RiskCoverageMetric

Build a risk-coverage curve from scores and per-sample errors.

Usage

Source

RiskCoverageMetric()

Collects per-sample scores and per-sample residuals across multiple update calls and computes summary area-under-curve values using seapig.risk_coverage.risk_coverage.

Parameters

risk: (generalized, selective) = "generalized"

Which risk definition to use when computing the curve. Must be either 'generalized' or 'selective'.

n_bins: int = 100

Number of bins used to downsample the curve when computing AUC summaries.

error_metric: torchmetrics.Metric | torchmetrics.MetricCollection | None = None

Metric or collection that computes per-sample residuals. It must return a 1-D tensor of shape (batch,) when compute is called.

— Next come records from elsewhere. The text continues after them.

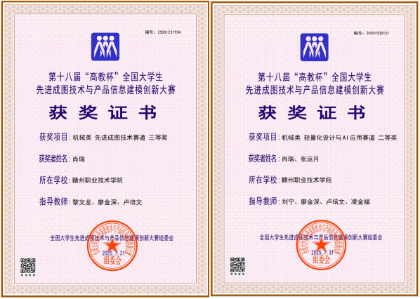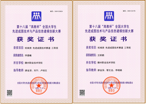 在近期結束的第十八屆“高教杯”全國大學生先進成圖技術與產品信息化建模創新大賽中,我校智能制造學院學子在輕量化設計與AI應用賽道獲全國二等獎1項、三等獎1項,先進成圖技術賽道獲全國二等獎1項、三等獎3項,并獲機械類團體三等獎。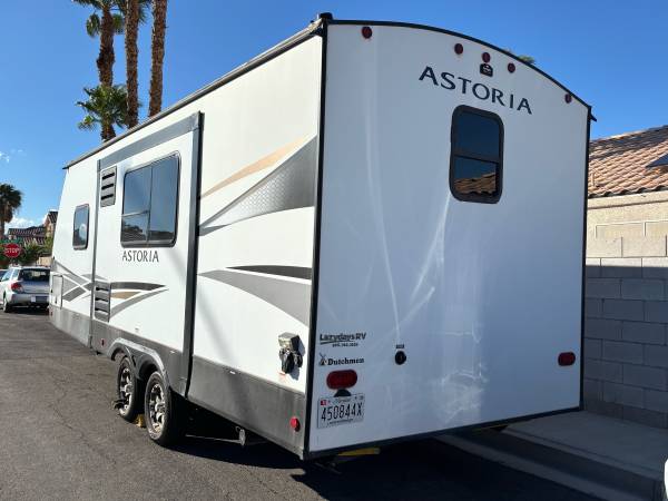 Here we have our 2022 Dutchmen Astoria 2203RB travel trailer for sale. It’s 26 feet long with a 8 foot power slide out. It’s all fiberglass and aluminum construction makes it out to a little over 5k lbs total weight, so it’s half ton towable. Tandem axles, full length power awning, dual propane tank, power tongue jack, power four corner leveling jacks. Plenty of storage in and out. Four burner propane stove with oven and hud. Microwave oven. Large refrigerator freezer double sided stainless sink. King size walk around bedroom. Large restroom area with glass door shower. I barrel ceiling throughout. No leaks, no rot, no mold, no rust, no pets, non-smoking RV. Clean title in hand. Motivated to sell. Please feel free to ask any questions you may have. The NADA and blue book value is just under $32,000 dollars your research and see for yourself. I am asking close to $10k below that for a fast easy cash in person transaction. I may trade for a old muscle car. from early 60s to early 70s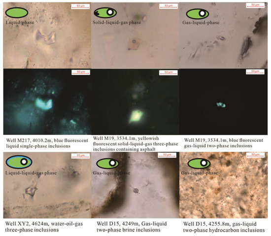 Microscopic photos of multi-stage hydrocarbon inclusions in reservoir.
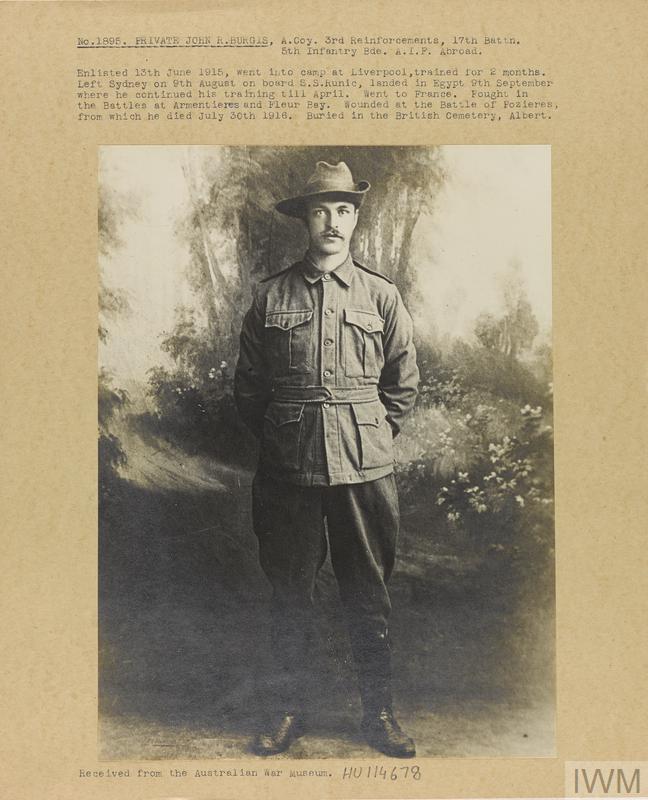 Private John Robert Burgis 1895. Unit: "A" Company, 17th Battalion, 5th Infantry Brigade, Australian Infantry, 3rd Reinforcements, Australian Imperial Force. Death: 30 July 1916, died from wounds received at Pozieres, Somme, Western Front.

error_fn: callable or None = None
Deprecated legacy function (preds, target) -> residuals. Use error_metric instead.

Notes

The compute method returns three tensors: rc/auc_empirical, rc/auc_reference, and rc/auc_excess. The last computed complete curve object (RiskCoverage) is available via get_curve.

Examples

import torch
from seapig.metric import RiskCoverageMetric

metric = RiskCoverageMetric(risk="generalized")
preds = torch.rand(50, 1)
target = torch.rand(50, 1)
scores = torch.rand(50)
metric.update(preds, target, scores)
results = metric.compute()
print(results)
_ = metric.get_curve().plot()
{'rc/auc_empirical': tensor(0.2052), 'rc/auc_reference': tensor(0.1323), 'rc/auc_excess': tensor(0.0729)}

Methods

Name Description
compute() Compute AUC summaries for the accumulated risk–coverage curve.
reset() Reset all accumulated state.
update() Store scores and residuals for later curve computation.
get_curve() Return the last computed curve(s), or None if not computed yet.

compute()

Compute AUC summaries for the accumulated risk–coverage curve.

Usage

Source

compute()

Returns a dict with keys rc/auc_empirical, rc/auc_reference, and rc/auc_excess. If multiple residual streams are present, results are prefixed with the corresponding metric name.


reset()

Reset all accumulated state.

Usage

Source

reset()

The generic scores and residuals buffers are cleared, as are any per-metric residual buffers created when error_metric is a MetricCollection. After a reset, accessing a per-metric residual attribute before the next update call will yield an empty tensor. A UserWarning is emitted to make this behaviour explicit.


update()

Store scores and residuals for later curve computation.

Usage

Source

update(preds, target, scores)
Parameters
preds: torch.Tensor

Model outputs and targets. These are passed to error_fn to compute per-sample residuals.

target: torch.Tensor

Model outputs and targets. These are passed to error_fn to compute per-sample residuals.

scores: torch.Tensor
Per-sample uncertainty scores (lower values indicate lower uncertainty).

get_curve()

Return the last computed curve(s), or None if not computed yet.

Usage

Source

get_curve(metric_name=None)

See Also

RiskCoverage